Appreciate it friend!
good writeup, But from what i've read, and what little is availible online about it, Hulu's final valuation is still in an independent arbitrators hands. Comcast and Disney's valuation numbers were significantly far apart, so it triggered a clause that a third party independent arbitrator has to come up with a number, and that is supposed to be decided shortly. That final number could cause a significant cascade in valuations of other assets mentioned in the article. Feel free to correct me if I'm wrong, but i cannot find any news on the arbitrators decision of the final value of Hulu.
Thanks! Off the top of my head. I believe it's not fully closed yet but they agreed that Disney will pay at least 8.6B for the remaining 33%. Meaning a 26B valuation
Correct... 8.6 Billion is the floor, but from statements in the past, Brian Roberts has been claiming Hulu is likely worth 2-3 times more with the amount of subscribers Hulu has garnered, the quality of subscribers (lowest rate of sub cancelations), and the positive effect it has brought Disney+ since Hulu's partial intergration into the Disney+ platform. If the Arbitrator leans more towards the valuation Roberts feels it's worth, then that could (and should) be used as a template for all the other streaming platforms. If Hulu ends up being valued at 50-60 billion, what does that mean for a much more valuable Paramount, Warner Brothers Discovery, and Peacock? This Arbitrators final decision has potential to be a game changer for the whole sector.
Good point! I'm glad you highlighted it.
thanks for all this data and compliments!
I would like to ask you what you think about the difference that is accumulating between class A and class B shares
Thanks Paolo!
Tbh I don't understand it. Shari can screw both the Class A and Class B shareholders if she wants to so there shouldn't be such a discount on the non-voting
My guess is that it is driven by low liquidity and float of the voting stock
"My estimated lower range of valuation shows a private market value of 40.8–59.8B. (...)

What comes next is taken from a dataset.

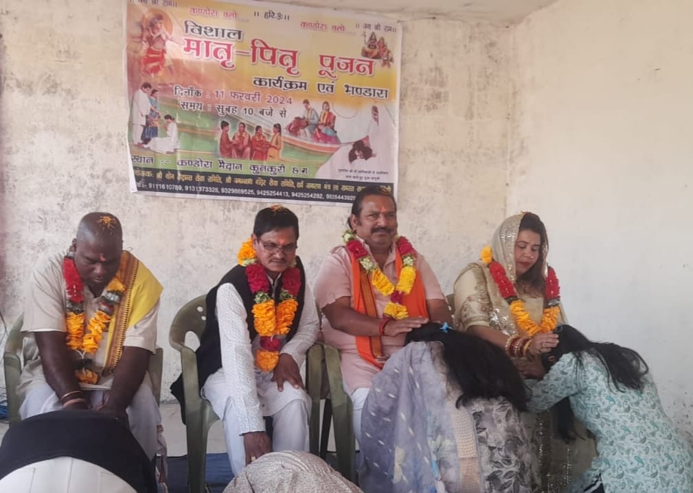 जशपुरनगर (कस्तूरा) :- भारतीय संस्कृति में माता-पिता के सम्मान और संस्कार जागरण के उद्देश्य से आयोजित मातृ-पितृ पूजन कार्यक्रम रविवार को कस्तूरा स्थित श्री जगन्नाथ मंदिर प्रांगण में अत्यंत भावपूर्ण वातावरण में सम्पन्न हुआ। कार्यक्रम में लगभग 300 माता-पिता एवं बच्चों ने भाग लेकर अपने माता-पिता का पूजन कर आशीर्वाद प्राप्त किया।

This means that in the event of a sale or a breakup, Paramount would be worth more than 3–5 times the current price."
What's the EV on this puppy? IF you add debt, your upside diminishes dramatically.
I did add debt later. Read
Lovely writeup David. Thank you for sharing.
Appreciate it man
Buyers will come whenever Shari wants them IMO. And I'm keeping my position at least for a 1-2 year period.

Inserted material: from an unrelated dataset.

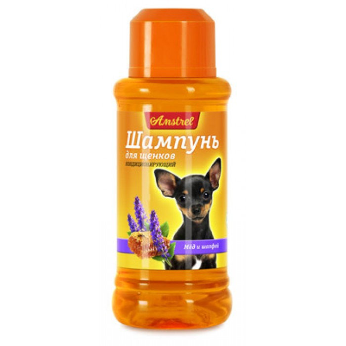 Шампунь "Amstrel" для щенков кондиционирующий с медом и шалфеем 320мл Шампунь для частого купания щенков, а также для собак с чувствительной кожей на основе «мягких» веществ. В состав шампуня входит комплекс из экстрактов мёда и шалфея. Экстракт мёда смягчает кожу животных. Экстракт шалфея обладает антибактериальными и антисептическими свойствами, а также обладает хорошими моющими свойствами, легко смывается. Не оказывает раздражающего действия на кожу. Побочных явлений и осложнений при применении шампуня не наблюдается. Противопоказаний не установлено.

Hammered is an overstatement, it's still at my cost basis
Hey.
I'm not in the business of hedging and don't mind the volatility.
Yes, 100%+ premiums are not common but also not unheard of. Also, IMO the bidding mania hasn't started yet, and the premium maybe won't be paid at the current levels.
I'm not cloning Buffett here, and don't mind if it's a small position for him
Well, it depends on who you consider a serious buyer?